GIVEN INFORMATION
^^^^^^^^^^^^^^^^

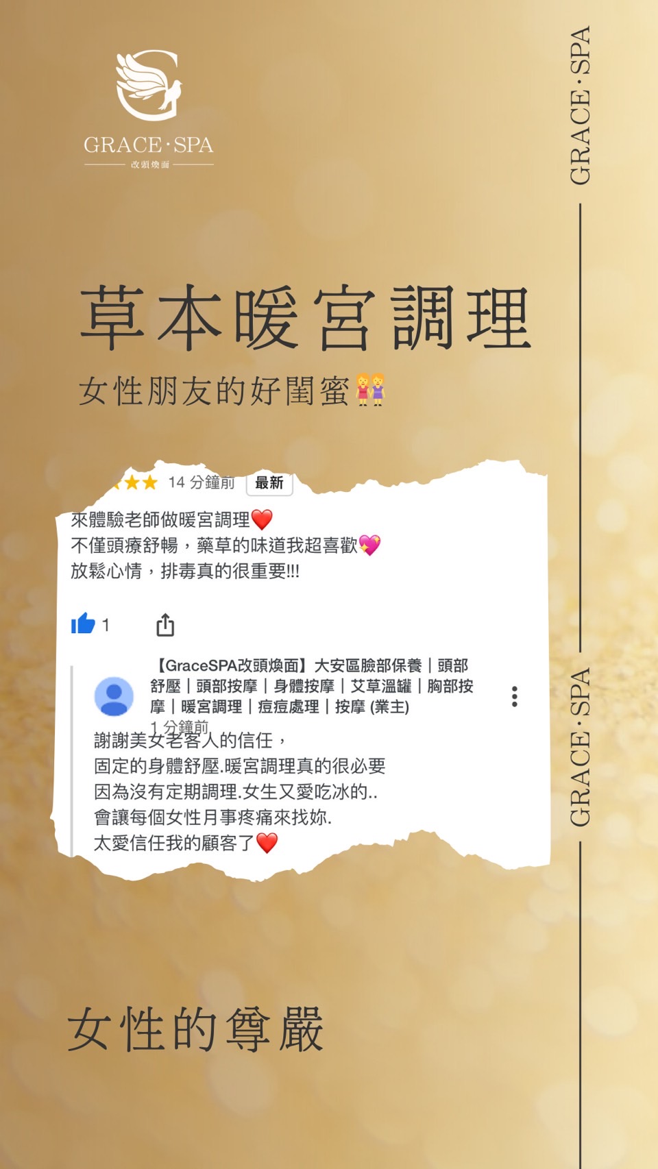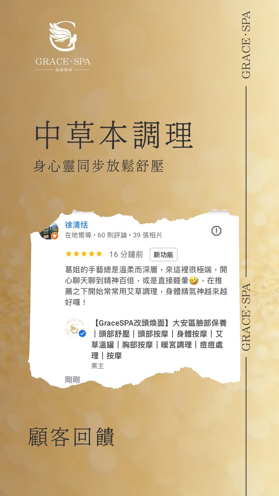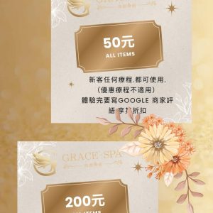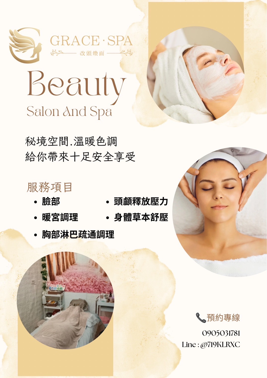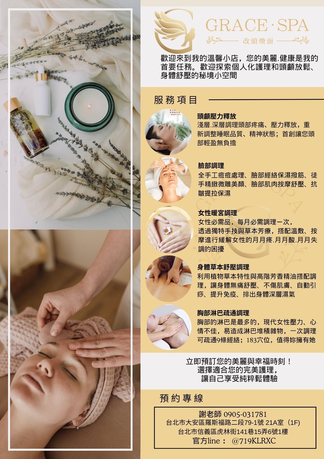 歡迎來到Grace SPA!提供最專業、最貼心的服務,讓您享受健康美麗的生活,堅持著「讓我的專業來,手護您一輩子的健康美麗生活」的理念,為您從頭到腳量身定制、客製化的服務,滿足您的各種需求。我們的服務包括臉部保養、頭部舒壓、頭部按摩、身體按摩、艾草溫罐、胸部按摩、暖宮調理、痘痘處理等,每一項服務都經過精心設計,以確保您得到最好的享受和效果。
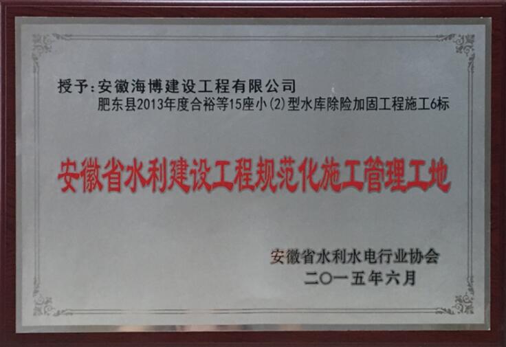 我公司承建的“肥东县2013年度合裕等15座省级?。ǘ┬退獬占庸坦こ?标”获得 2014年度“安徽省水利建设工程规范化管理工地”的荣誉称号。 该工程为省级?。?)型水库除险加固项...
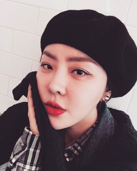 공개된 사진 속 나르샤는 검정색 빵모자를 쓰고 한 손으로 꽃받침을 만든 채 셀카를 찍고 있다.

^^^^^^^^^^^^^^^^

WHAT YOU ARE ASKED TO DO
The material is to be written out word for word, and the pictures are to be left out.

WRITTEN SOLUTION
 歡迎來到Grace SPA!提供最專業、最貼心的服務,讓您享受健康美麗的生活,堅持著「讓我的專業來,手護您一輩子的健康美麗生活」的理念,為您從頭到腳量身定制、客製化的服務,滿足您的各種需求。我們的服務包括臉部保養、頭部舒壓、頭部按摩、身體按摩、艾草溫罐、胸部按摩、暖宮調理、痘痘處理等,每一項服務都經過精心設計,以確保您得到最好的享受和效果。
 我公司承建的“肥东县2013年度合裕等15座省级?。ǘ┬退獬占庸坦こ?标”获得 2014年度“安徽省水利建设工程规范化管理工地”的荣誉称号。 该工程为省级?。?)型水库除险加固项...
 공개된 사진 속 나르샤는 검정색 빵모자를 쓰고 한 손으로 꽃받침을 만든 채 셀카를 찍고 있다.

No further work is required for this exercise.